Как показывают примеры советской публики, на которых я буду иногда останавливаться в этой книге, в еще большей степени сказанное относится к потребителям культуры. Взгляд сквозь призму третьего мира существенно усложняет классификацию из двух категорий, на которые исследователи (по умолчанию) поделили советскую публику, – критически настроенной интеллигенции (инакомыслящих) и конформистов, с радостью читающих все, чем их кормит государство; при этом обычно подчеркивается, что первые ориентировались на Запад, а вторые питали интерес к мелодраматическим сюжетам, который советские прокатчики удовлетворяли незападными фильмами. Была еще и третья группа – народы советской Средней Азии и Кавказа, гораздо теснее связанные с (пост)колониальными культурами. Что касается африканской, азиатской и латиноамериканской публики, в этой книге я ограничусь только важнейшими ее представителями – самими писателями и режиссерами, высказывавшимися о советской литературе и кино, – сделав акцент на том, как они творчески адаптировали русскую и советскую культуру, а значит, на их активной роли в создании подобных интерпретаций. Анализ обеих аудиторий, равно как и их интереса (либо его отсутствия) к культуре друг друга, – возможность эмпирически исследовать силу и эволюцию связывавшего их интернационализма.

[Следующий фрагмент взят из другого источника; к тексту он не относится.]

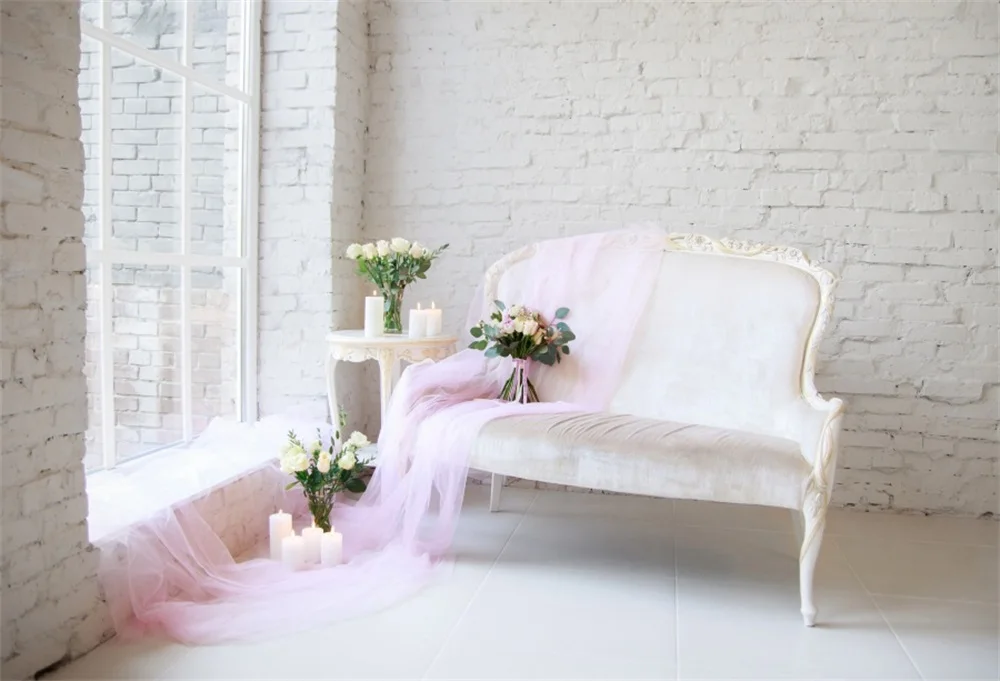 Kopen Goedkoop Laeacco Gordijn Sofa Witte Bakstenen Muur Bloem Fotografie Achtergronden Aangepaste Fotografische Achtergronden Voor Fotostudio Online
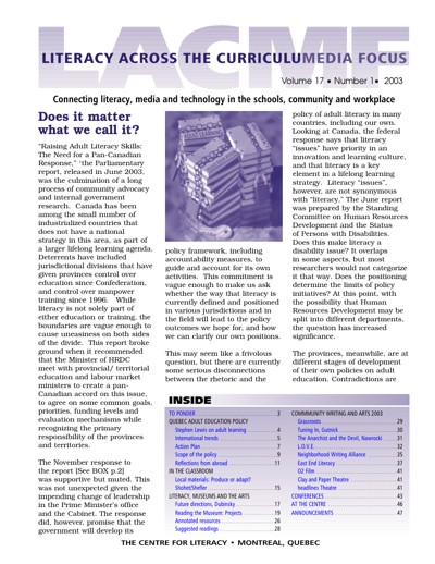 The Centre for Literacy of Quebec (CFL). “Literacy Across the Curriculumedia Focus” 17, no. 1 (2003).
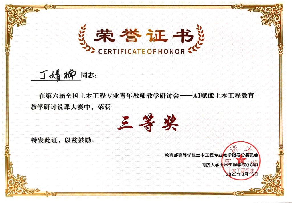 我院高度重视青年教师队伍建设,近年来遴选推荐多名优秀教师参加教学竞赛,“以赛促教”激发青年教师教学热情与创新能力,持续探索数字化教育创新,为土木工程专业高质量发展注入新动能。
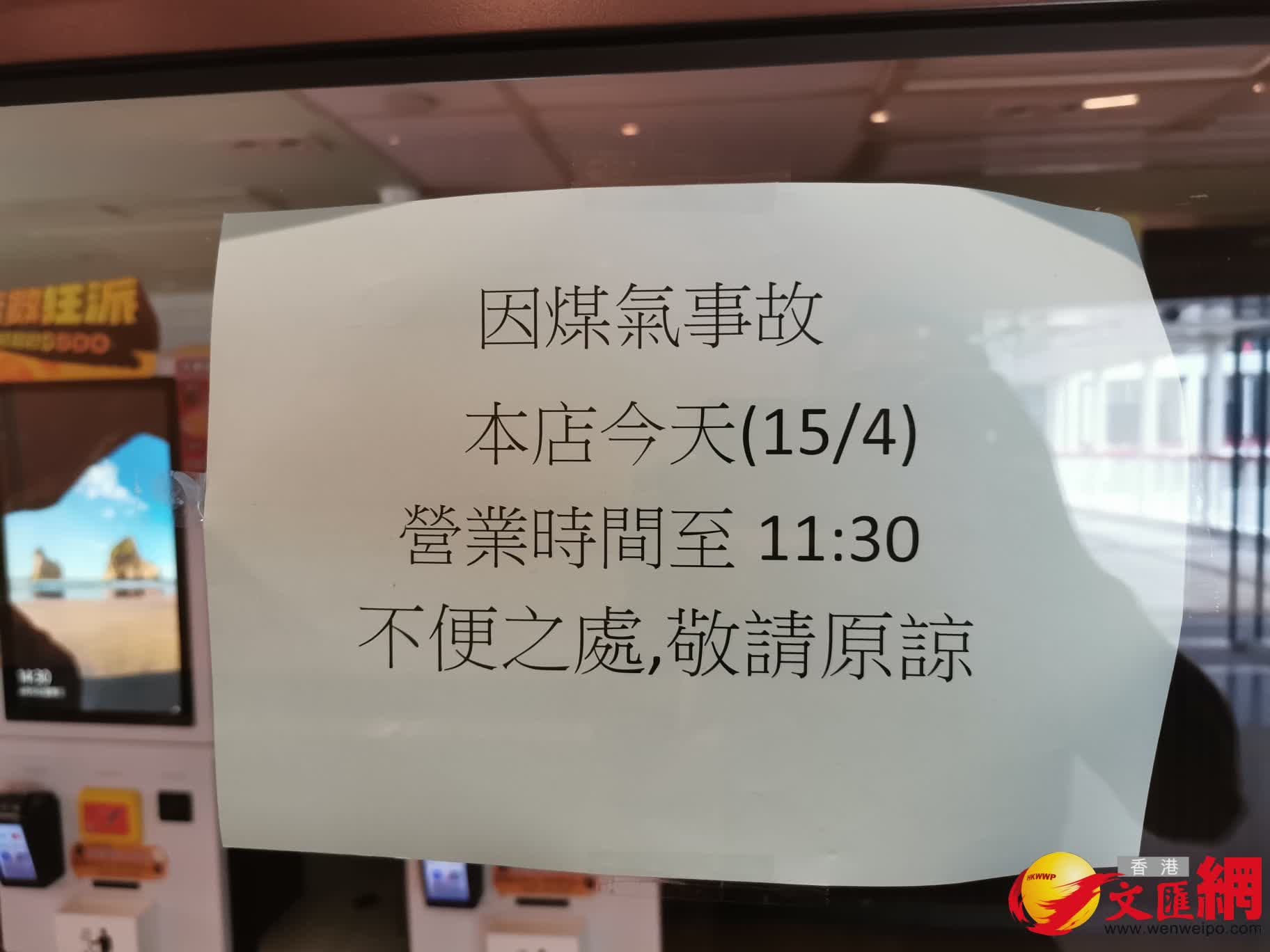另在中信大廈的連鎖快餐店「大家樂」亦貼出告示指「因煤氣事故」營業時間至上午11時半,有職員稱今日早上約8時開始沒有煤氣供應。在海富中心的「大家樂」快餐店亦指由早上開始至午市段後仍一直沒有煤氣供應,期間只能提供有限度服務,部分類別的食物無法供應。
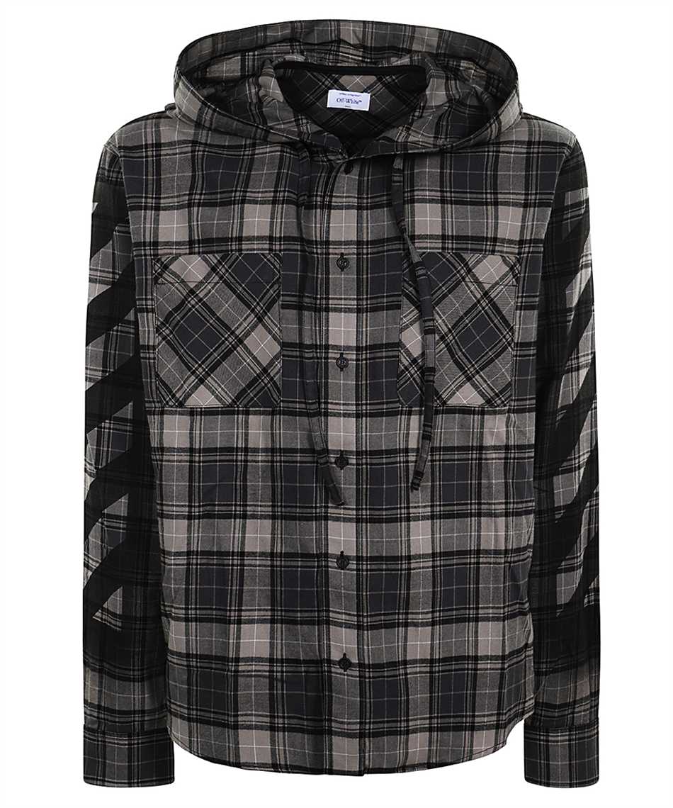 Off-White OMGE031F25FAB001 SPRAY DIAG CHECK FLAN HOOD SH Hemd - Grau
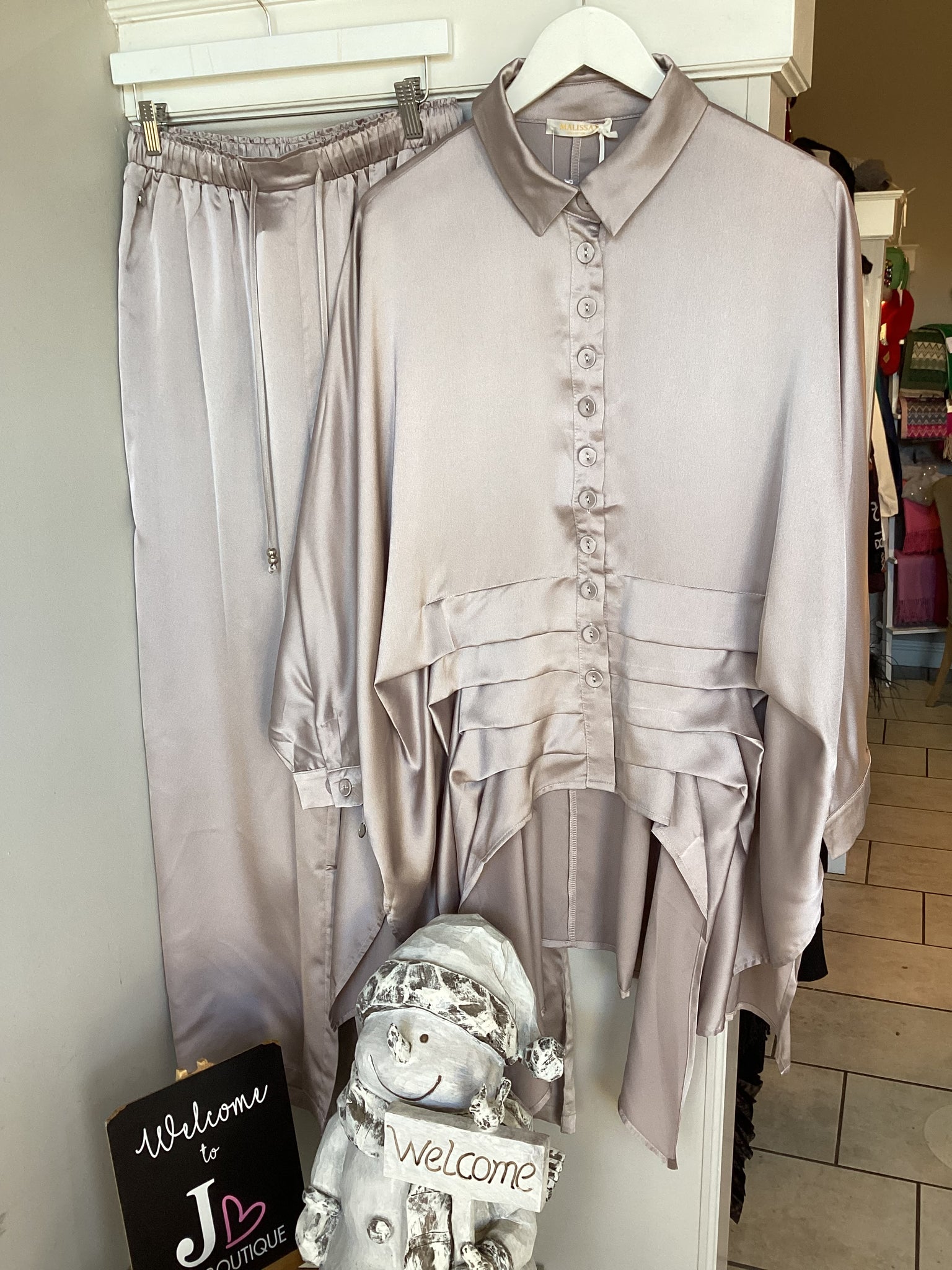 Malissa J Satin Pleated Blouse & Satin Trouser Set
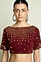 Featuring a maroon pre-draped skirt saree in moss crepe base. It is paired with a blouse having mirror embroidery. Accentuate it with zircon jewellery, heels and a clutch for a sangeet, cocktail or grand festive celebration.
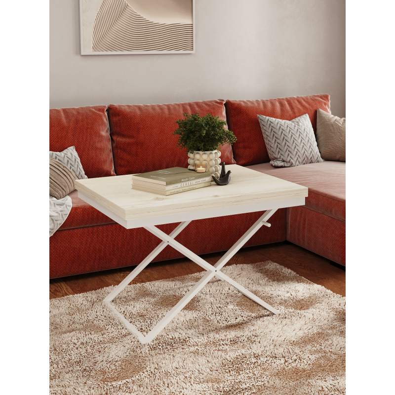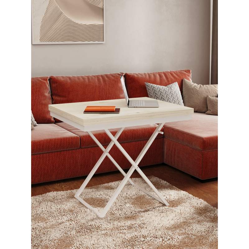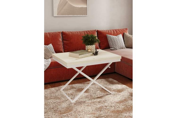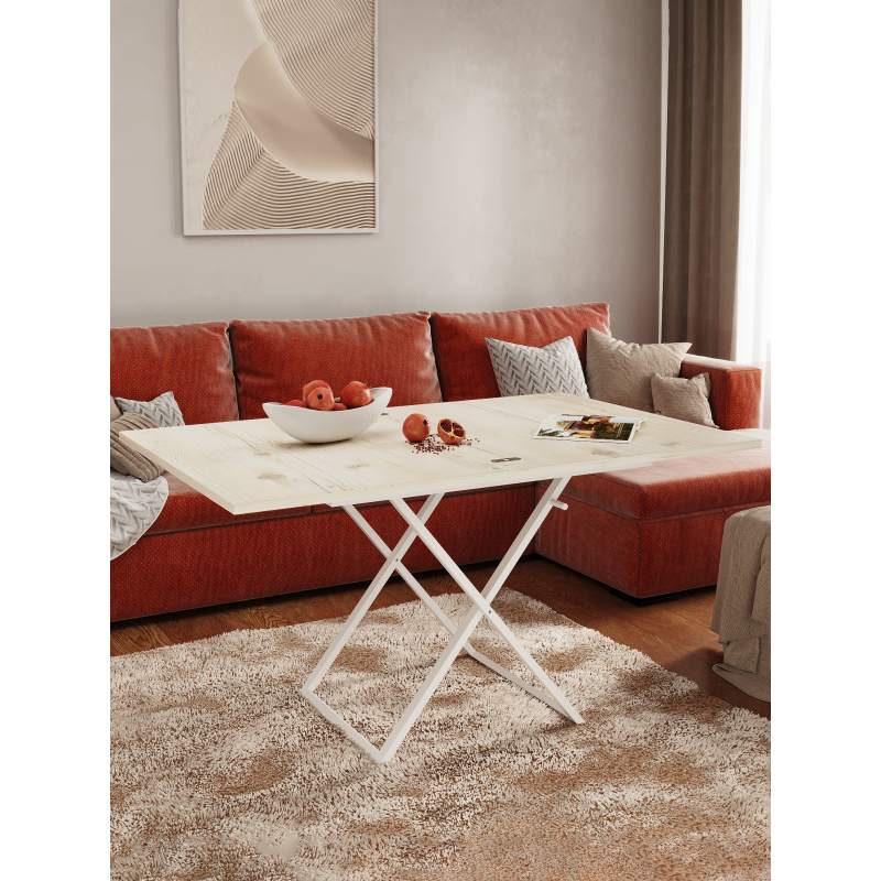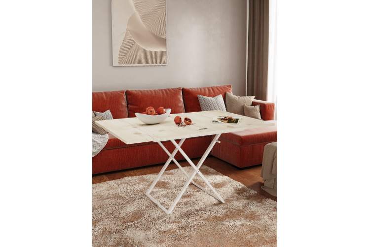 Три положения по высоте (384мм, 608мм и 754мм) позволяют адаптировать стол под разные задачи. Подъемный пружинный механизм представляет собой инновационное решение для трансформации рабочего пространства. Высококачественная пружина обеспечивает плавное и легкое движение столешницы. Конструкция стола снабжена специальным фиксатором, с помощью которого столешница мягко упускается до нижних положений. Универсальный дизайн подходит для гостиной, спальни или дачи, идеален для семейных ужинов и встреч с друзьями.
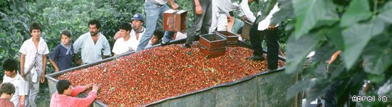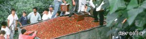 Созревшие плоды собирают вручную. В период сбора урожая сборщики раз в неделю проходят по всей плантации, срывают спелые красные ягоды кофе и высыпают их на ткань, расстеленную под кустами. При этом плоды сразу сортируют, чтобы удалить неспелые или переспелые.
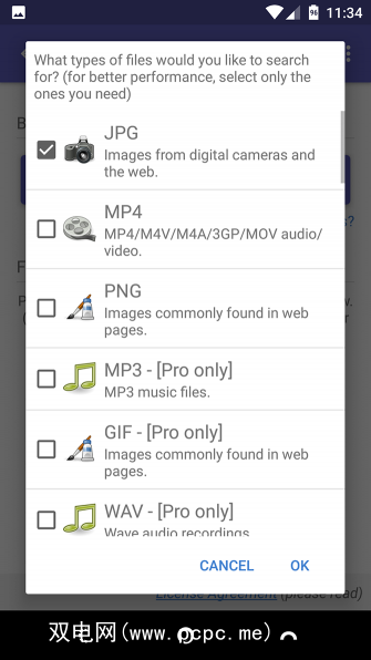 查找手机的内部存储空间。通常是 / data 分区。点按它,然后选择要搜索的文件类型(可能是 JPG 和/或 PNG )。点击确定开始。
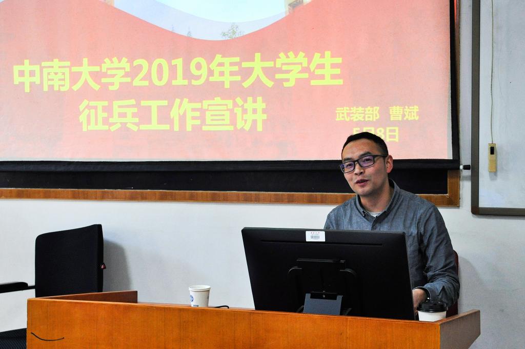 “热血中南好儿女,报效祖国当兵去”。5月8日下午,伟德国际1949官网2019年征兵工作宣讲会于校本部管理楼圆满举行。伟德国际1949官网党委副书记陈迎明,16级辅导员石越出席会议。会议由武装部曹斌老师主讲,学院征兵专干黄河沙主持。
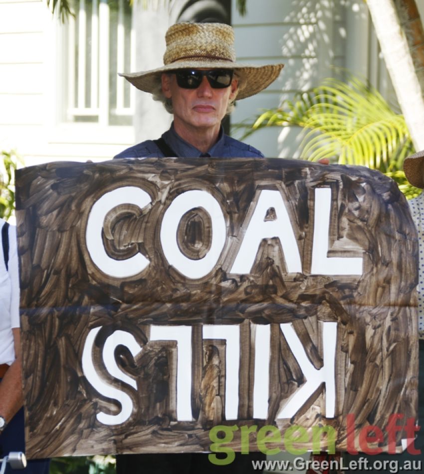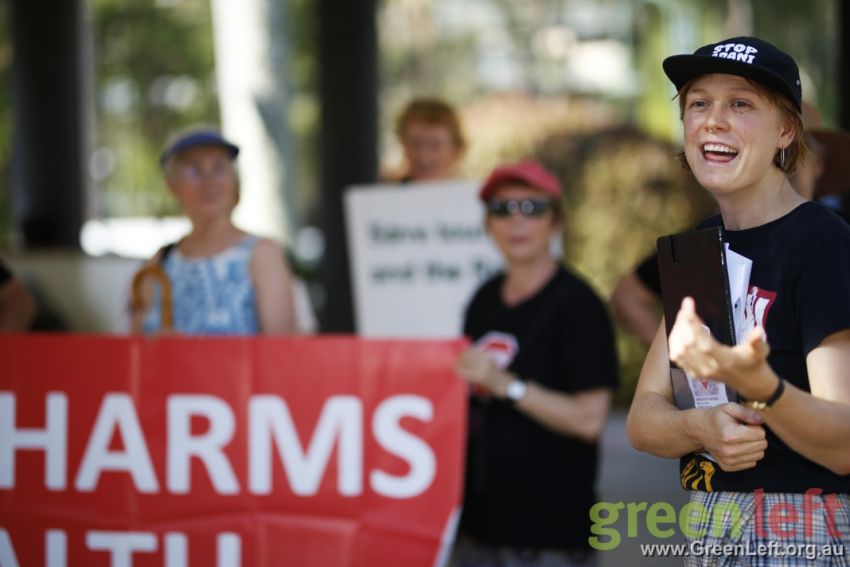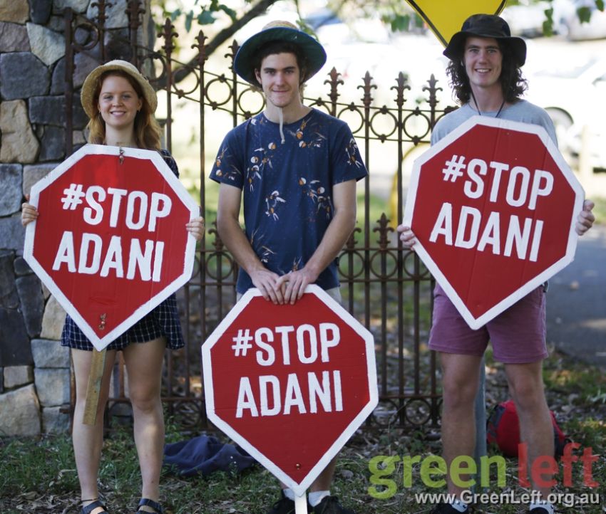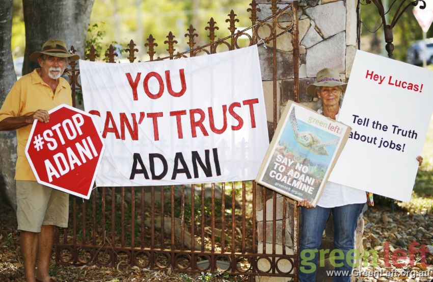 Around 50 protesters gathered at short notice outside a forum addressed by Adani’s Australian CEO Lucas Dow on February 19.
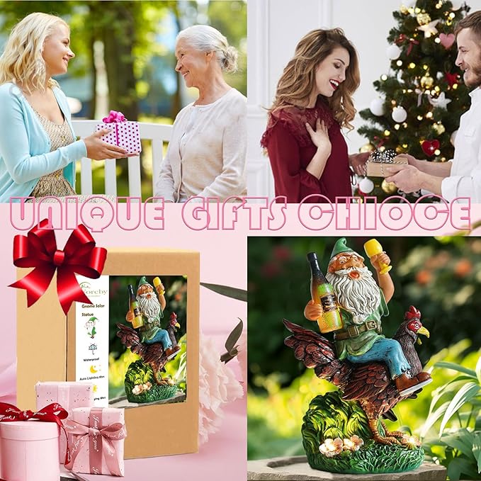 • 🌟【Funny Outdoor Decortaion Design 】Funny gnome sculpture with a solar wine on hand,riding a rooster in the garden , It has a funny expression and a tilted head, which making it a beautiful and eye-catching addition to your garden or home.
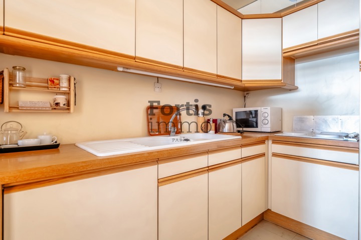 Une entrée avec dressing, une pièce de vie baignée de lumière avec vue dégagée et panoramique, une cuisine semi-ouverte aménagée et équipée, une salle de bain ainsi qu’un WC indépendant.
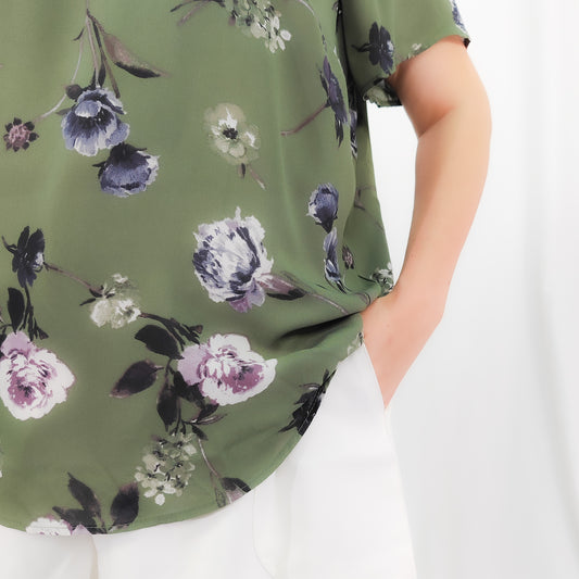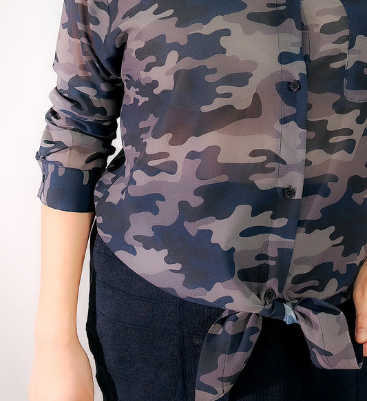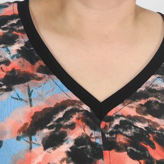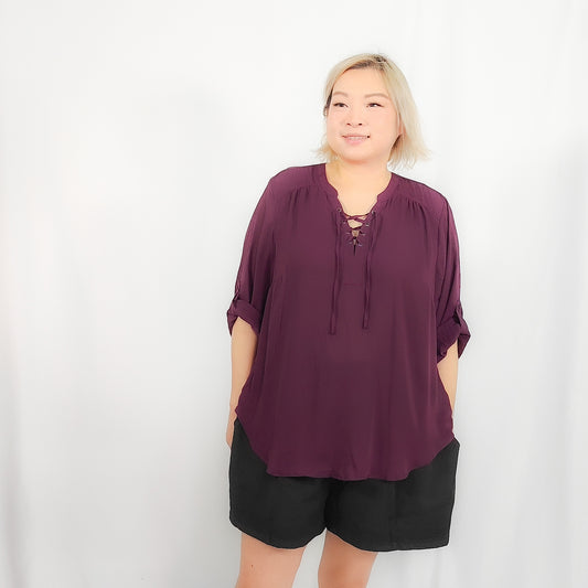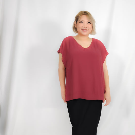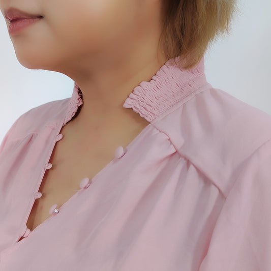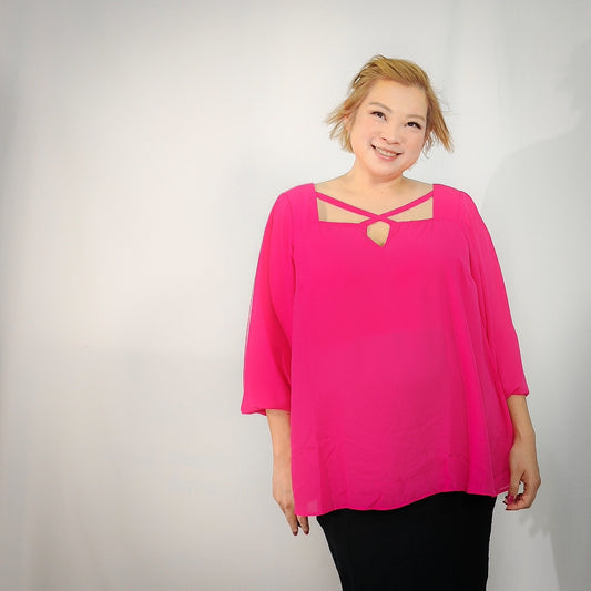 Fuchsia Pink Chiffon Cross Collar Blouse

Культурные связи СССР и третьего мира в коротком XX веке

Реконструируя историю культурных контактов, эта книга косвенно опровергает два подхода к истории колониальной и постколониальной культуры XX века: с одной стороны, героические нарративы, складывающиеся из текстов и манифестов без опоры на архивы, которые обращают мало внимания на материальную сторону и масштабы распространения текстов; с другой – как правило, более исторически обоснованные исследования, авторы которых работают с советскими архивами, где культурные деятели стран Африки, Азии и Латинской Америки рассматриваются как объекты советской политики времен холодной войны. В данной книге, куда более сочувственно относясь к первому нарративу и оспаривая точку зрения, сводящую их действия к Realpolitik вокруг текущей геополитической конфронтации, я показываю, насколько в действительности деятели культуры третьего мира были вовлечены в контекст холодной войны и как, в частности, они добивались советского признания, а также публики и площадок для высказывания. Культурная холодная война, как убедительно показала Моника Попеску, возражающая против ее стирания из постколониальных исследований, представляла собой общее поле, в котором работали деятели постколониальной культуры16. В силу того, что одной из сверхдержав оказался СССР, это поле приобрело особый литературо- и культуроцентризм. Советское государство, унаследовавшее традиции русской интеллигенции XIX века, вплоть до своего бюрократического аппарата верило в способность литературы и культуры влиять на сердца и умы, поэтому щедро вкладывалось в эту веру и проецировало ее на устроенные совершенно иначе, чем советское, общества, в том числе постколониальные. В соответствии с логикой холодной войны, надлежало по меньшей мере не уступать Советскому Союзу во вложениях в развитие литературы, а еще лучше – превзойти его. Иначе трудно себе представить, чтобы такие органы, как ЦРУ и Госдепартамент США, до холодной войны (как и после) никогда не проявлявшие такого интереса к зарубежным литературным журналам, стали бы тратить столько ресурсов. От этой борьбы за «сердца и умы» выиграли прежде всего писатели, перед которыми открылось значительно больше возможностей для публикации, и читатели всех трех миров, получившие больший доступ к их книгам.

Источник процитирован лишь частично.